ArménieLe Premier ministre arménien dénonce une tentative de putsch
ATS
25.2.2021 - 16:03
Le Premier ministre arménien Nikol Pachinian a pris jeudi la tête d'une importante manifestation de ses partisans pour dénoncer une «tentative de coup d'Etat» militaire. Il entend aussi réaffirmer son autorité, affaiblie depuis la défaite de l'Arménie dans le conflit du Nagorny Karabakh.
Plusieurs heures après que l'état-major a réclamé la démission du chef du gouvernement, aucun mouvement de troupes n'était visible dans les rues d'Erevan. Le ministère de la Défense a quant à lui jugé «inacceptable d'entraîner (l'armée) dans des processus politiques», désavouant ainsi le commandement.
Nikol Pachinian a aussi appelé les généraux à se plier aux ordres, s'adressant à quelque 20'000 de ses sympathisants rassemblés place de la République dans la capitale. «L'armée (...) doit obéir au peuple et aux autorités élues», a-t-il dit sous les hourras de la foule. «Ce sont mes ordres et personne ne peut y désobéir.»
«Commençons à nous parler»
S'adressant à ses détracteurs, M. Pachinian a appelé au dialogue. «Nous sommes fatigués de cette constante instabilité (...), commençons à nous parler», a-t-il dit, menaçant «d'arrestations» ceux qui iraient «au-delà de déclarations politiques».
A un kilomètre de là, entre 10'000 et 13'000 manifestants d'opposition appelaient au départ du chef du gouvernement, arrivé au pouvoir au printemps 2018 à l'issue d'une révolution. Ils ont prévu de camper sur la place de la Liberté jusqu'à ce qu'ils obtiennent satisfaction, selon des dirigeants de partis d'opposition qui veulent son départ depuis la défaite militaire face à l'Azerbaïdjan.
La Russie, allié traditionnel de l'ex-république soviétique, s'est dite «préoccupée» par la situation et a appelé «au calme». La Turquie, ennemi juré de l'Arménie, a dit pour sa part condamner «fermement» cette «tentative de putsch».
La puissante Eglise apostolique arménienne a appelé les forces politiques à des «négociations pour le bien de la patrie et du peuple».
Risque de «guerre civile»
M. Pachinian avait annoncé plus tôt une «tentative de coup d'Etat militaire» et pris la tête d'une marche de soutien en réponse à son état-major qui avait réclamé par communiqué son départ pour protester contre le limogeage mercredi d'un gradé.
Le pas décidé, mégaphone en main, le Premier ministre de 45 ans avait qualifié la situation de «tendue» mais «gérable» et limogé le chef d'état-major, Onik Gasparian. Le principal parti d'opposition, Arménie Prospère, a estimé que M. Pachinian avait une «dernière chance» de partir sans «mener le pays vers la guerre civile».
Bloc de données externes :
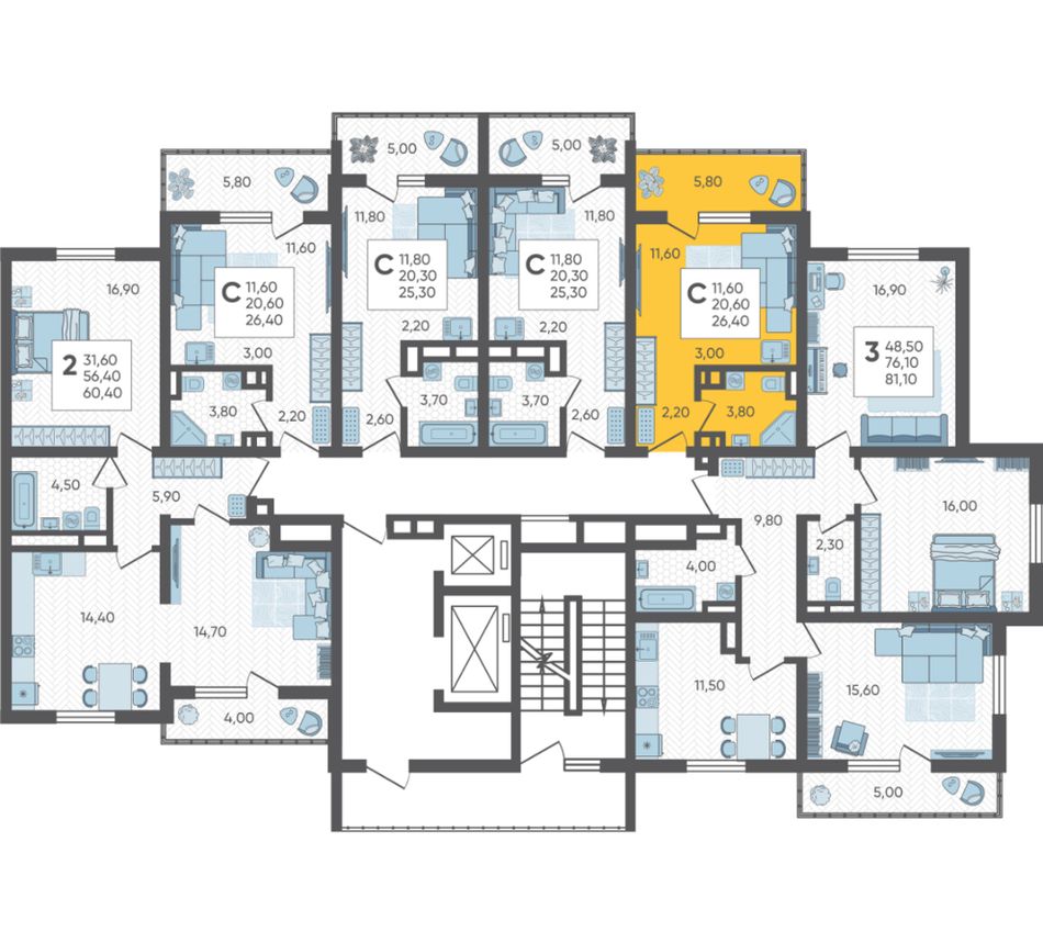 | 3-комн. | 78 - 79 м² | 8,8 - 9 млн ₽ |

Mercredi, M. Pachinian avait limogé Tigran Khatchatrian, l'adjoint du chef d'état-major, déclenchant la colère du commandement militaire qui a en retour réclamé sa démission, accusant le Premier ministre «d'attaques destinées à discréditer les forces armées».
Tigran Khatchatrian s'était moqué dans la presse de déclarations de M. Pachinian mettant en cause la fiabilité d'un système d'armement russe, les lance-missiles Iskander, durant le conflit du Karabakh.
Humiliation nationale
Le Premier ministre arménien est depuis des semaines sous la pression de l'opposition et de manifestations récurrentes, à cause de la défaite militaire de l'Arménie lors du conflit de l'automne 2020.
Jusqu'ici, il avait le soutien de l'état-major. A la fin de la guerre, celui-ci et Nikol Pachinian avaient accepté les conditions d'un cessez-le-feu négocié par le président russe Vladimir Poutine et qui impliquaient d'importantes pertes de territoires sous contrôle arménien depuis les années 1990.
Si l'essentiel de la région séparatiste arménienne du Nagorny Karabakh a survécu, l'Arménie a perdu la ville symbolique de Choucha, ainsi qu'un glacis de territoires azerbaïdjanais entourant la région. Cette défaite a été vécue comme une humiliation nationale.
Depuis son indépendance à la chute de l'URSS en 1991, l'Arménie a connu une succession de crises et de révoltes, dont certaines furent meurtrières.